Едва за Ларисой закрылась дверь, пришла медсестра с капельницей. Пашкевич лежал на кровати и смотрел, как из бутылки, закрепленной на высоком штативе, равномерно падают и падают капли, догоняя друг друга и разбиваясь о пластмассовый стерженек, чтобы через длинную трубку попасть к нему в вену, смешаться с больной кровью, помочь ей бороться с хворью. Легко и спокойно было у него на душе. Лариса все знает… Что ж, это даже хорошо. В душе он все–таки боялся скандала, истерики, слез и упреков, а она оказалась выше этого. Потому что знает свою силу? Наверное. Во всяком случае смешно сравнивать ее с Женей. Она вернула ему Олю и внука — какая еще женщина на такое способна? Только Лариса! Это безумие — развестись с нею ради какой–то потаскушки. Сын — да… Но он ведь уже думал об этом. Они с Ларисой вырастят его, Лариса станет ему настоящей матерью. И все наладится: семья, работа… Именно так, сначала семья, а уже потом работа. Книги «Афродиты» снова войдут в списки бестселлеров, но это будут другие книги. И никакого завещания он сочинять не будет! Ведь это словно признать, что обречен, подписать себе смертный приговор, а он с этим никогда не согласится. Он поправится, обязательно поправится! Смешно умирать, когда жизнь наконец–то обрела смысл, когда есть для кого и жить, и работать.

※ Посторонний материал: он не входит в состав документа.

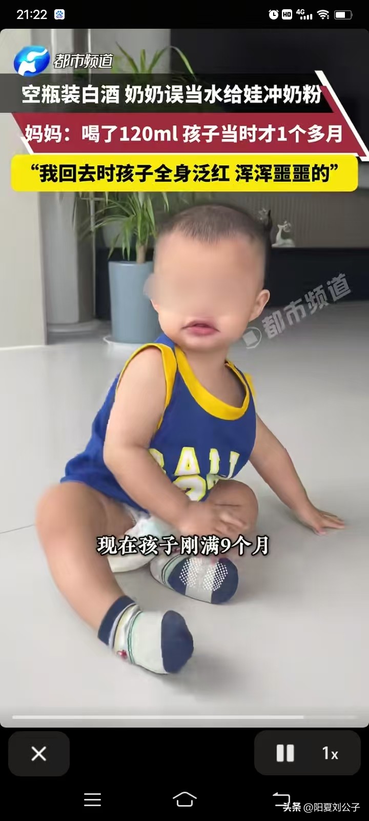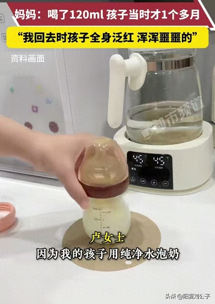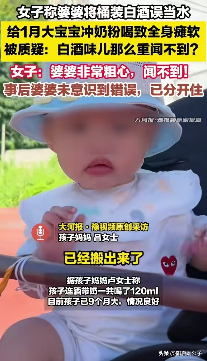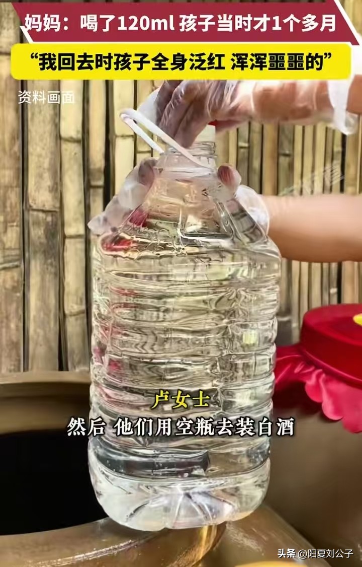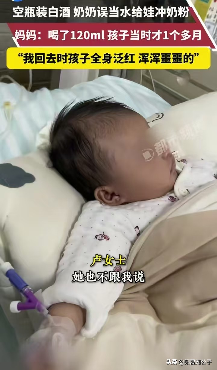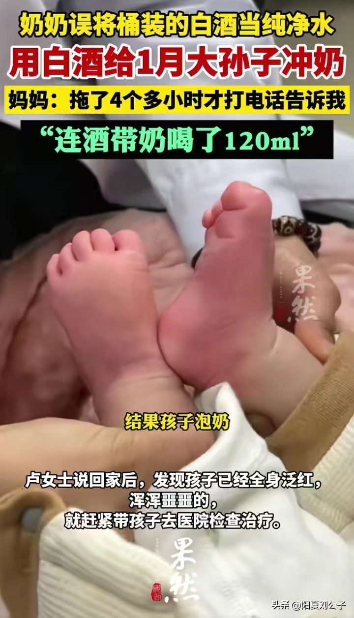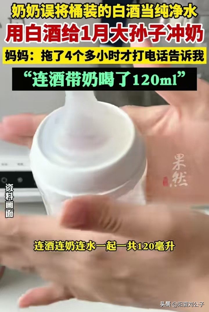 事情就坏在“冲奶要用纯净水”上,粗心大意的奶奶直接提起装有白酒的纯净水桶,将白酒误以为是水倒进了奶瓶里。严格按照媳妇的嘱咐冲了120克,加热后连酒带奶喂给了自己的大孙子。

Кап–кап–кап — падали из бутылки в пластмассовую колбочку бесцветные капли. Глядя на них, Пашкевич не мог даже представить, что жить ему осталось всего ничего — семь часов и двадцать восемь минут.
Глава 34
Тягомотина с болезнью хозяина уже надоела Виктору до зубной боли. Прошло больше восьми месяцев, как Лариса стала его любовницей. За это время они не наскучили друг другу. До недавнего времени она все так же нетерпеливо ждала каждого его прихода, все так же пылко и ненасытно, до обмороков, занималась с ним любовью, но Виктор с отчаянием чувствовал, что душа ее ему не принадлежала. Душа ее принадлежала старому, облысевшему от химиотерапии Пашкевичу, и это стало особенно заметно теперь. Лариса сутками не выходила из больницы, пока Эскина не установила в палате у Андрея Ивановича круглосуточный пост. Она нянчилась с ним, как с ребенком: кормила с ложечки, умывала, меняла белье, уговаривала принять лекарство, и в глазах ее Виктор видел неприкрытое страдание. Лариса как–то враз отдалилась от него, больше она не хотела близости, хотя он проводил рядом с нею все дни и ночи. Ссылаясь на усталость, она закрывалась в спальне, и Виктор не осмеливался ее тревожить, чтобы все не стало еще хуже.